Nevis graduate wins another Minnesota Book Award
Karen Babine, a 1997 Nevis High School graduate, has earned her second Minnesota Book Award.
“All the Wild Hungers,” published by Milkweed Editions in 2019, won in the memoir and creative fiction category.
Organized by The Friends of the St. Paul Public Library, the Minnesota Book Awards is an annual celebration of the state’s best books.
When her mother, Barb, was diagnosed with a rare form of cancer, Karen began cooking for her.
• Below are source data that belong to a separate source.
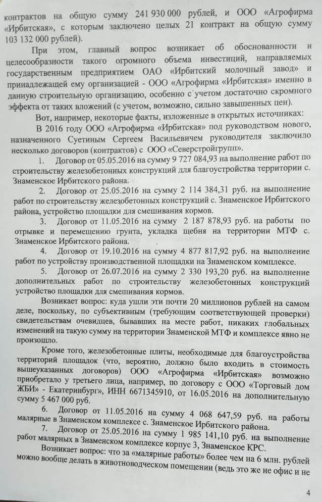 Интересна для читателей проекта «Компромат-Урал» и (как они полагают) сотрудников правоохранительных органов подоплёка денежных перечислений со счетов АО «Ирбитский молочный завод» и его дочки – ООО Агрофирма «Ирбитская» - на счета ООО «СеверСтройГрупп». Для этой фирмы, зарегистрированной в Екатеринбурге на улице Ереванская, 28-10, молзавод (с приходом Суетина) стал золотоносной жилой по части госконтрактов (их перечень с подробными реквизитами имеется в редакции «Компромат-Урал»). С 2013 года ООО «СеверСтройГрупп» контролирует Сергей Клюев, доля госконтрактов от других заказчиков в его портфеле мизерная. Согласно официальным сведениям, например, с 2015 по 2018 годы «СеверСтройГрупп» получила от молзавода – 249,28 млн. и ещё 103,13 млн. рублей от его дочерней агрофирмы.
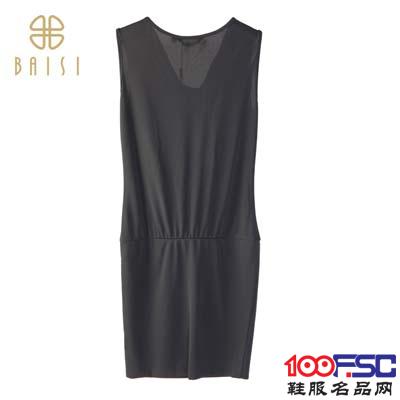 百丝2013夏女装无袖背心裙肩章修身连衣裙
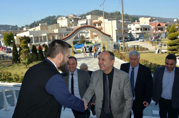 O κ. Καράογλου συνοδευόταν από τους Βουλευτές του Νομού Καβάλας κ. Ιωάννη Πασχαλίδη και κ. Μακάριο Λαζαρίδη, τον Δήμαρχο Παγγαίου κ. Φίλιππο Αναστασιάδη και ομάδα συνεργατών του.
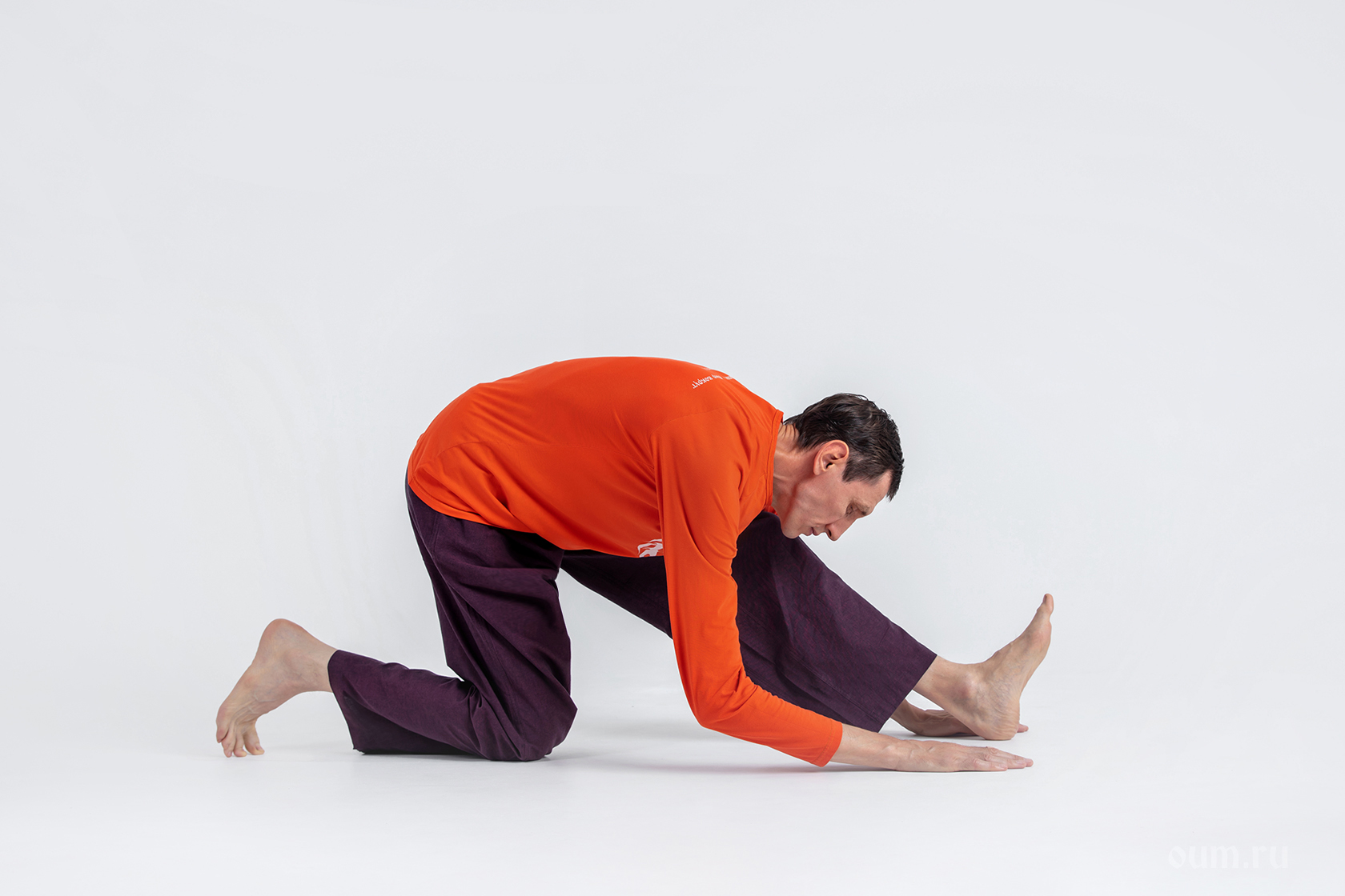 - Правая нога прямая и сильная, не подаётся вперёд. Живот длинный и тянется в направлении к правой ноге, таз не раскрываем. Наклон выполняем, пока спина и правая нога может оставаться прямой.
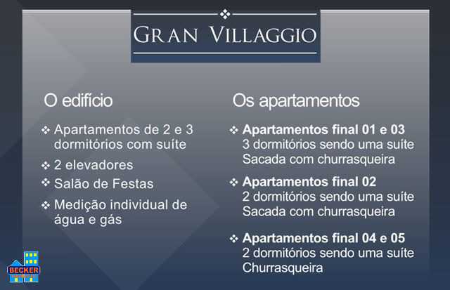 O GRAN VILLAGGIO é um empreendimento da Mânica JJR, em Não-Me-Toque/RS.
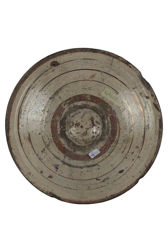 Piatto a larga tesa e cavetto umbonato; decori in lustro dorato; in tesa motivi geometrizzanti; al centro umbone con abrasioni.
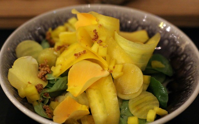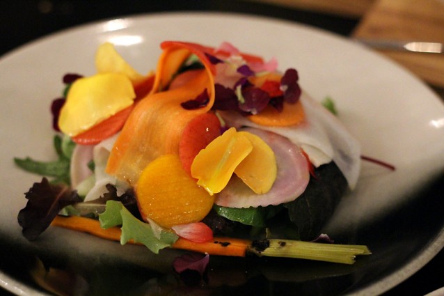 De gerechten zijn een goede afwisseling van frisse en volle smaken en omdat je van alles wat neemt zit je aan het einde van de avond niet heel vol, maar precies goed.
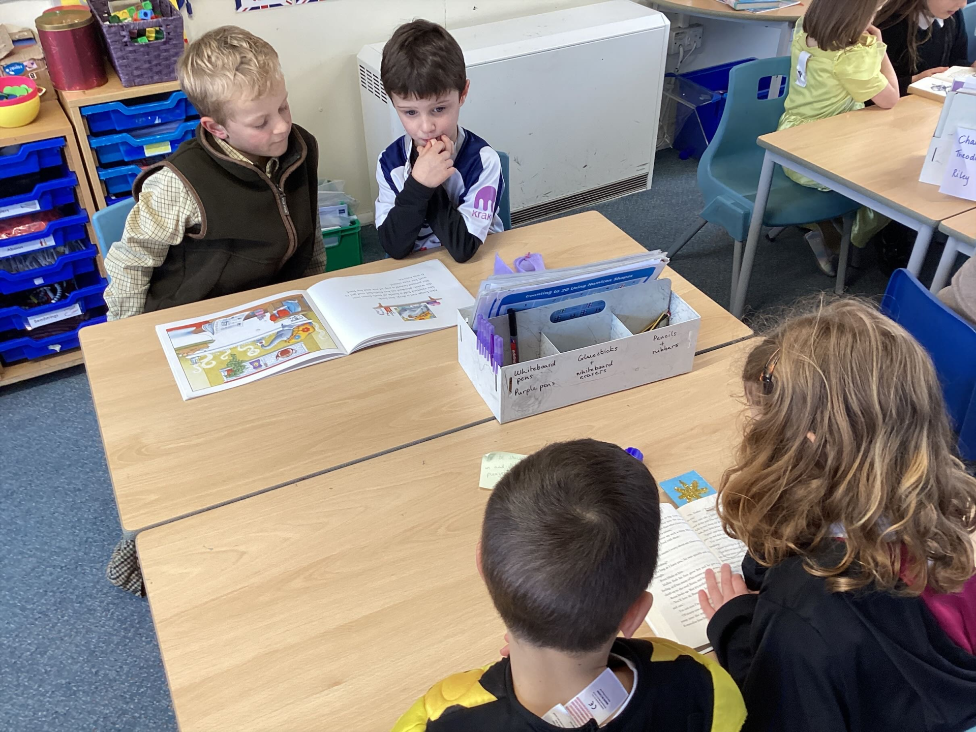 We had some amazing costumes on show and the buzz of books was evident all around the school. In classes the children: wrote their own poems; paraded their costumes on a catwalk; reviewed books they had read; completed some book illustrations based on famouns illustrators; and the older children went over to Early Years to read to the younger children of the school - a magical time.

In “All the Wild Hungers,” she ponders the intimate connections between food, family and illness.
A vegetarian, Karen wondered, “Feed a fever, starve a cold, but what do we do for cancer?”
As she baked cookies with her small niece and nephew, she asked, “How does a family create its own food culture across generations?”
“My sister announced she was pregnant at the same time Mom was diagnosed, so we were working hard to manage the fear over her cancer – which was an incredibly rare, childhood cancer that only shows up in kids under the age of 10 – while we were anticipating a new addition to the family,” Karen recalled.
Barb taught fourth grade in Osage and Park Rapids for 15 years. Before teaching in Osage, she would substitute teach in Nevis and Park Rapids, often for music classes.
As for the writing process, Karen did “morning pages” at the dining room table in the early morning.
“It wasn’t particularly difficult to write in that moment simply because she was declared cancer free after her surgery and her chemotherapy was just to keep it from coming back, which it did,” Karen said. “Because I was writing in the moment, I was able to focus on what I’d cooked for her the day before, the new cast iron I’d thrifted, the new things I was trying to cook, the funny things my niece and nephew had done, research that helped me understand what was going on. Even the end of the book remained hopeful because she was still cancer free. We knew by the time the book came out, of course, that wasn’t the case, but the book ends in a hopeful place.”
Barb passed away Nov. 1, 2018 in New Hope, Minn.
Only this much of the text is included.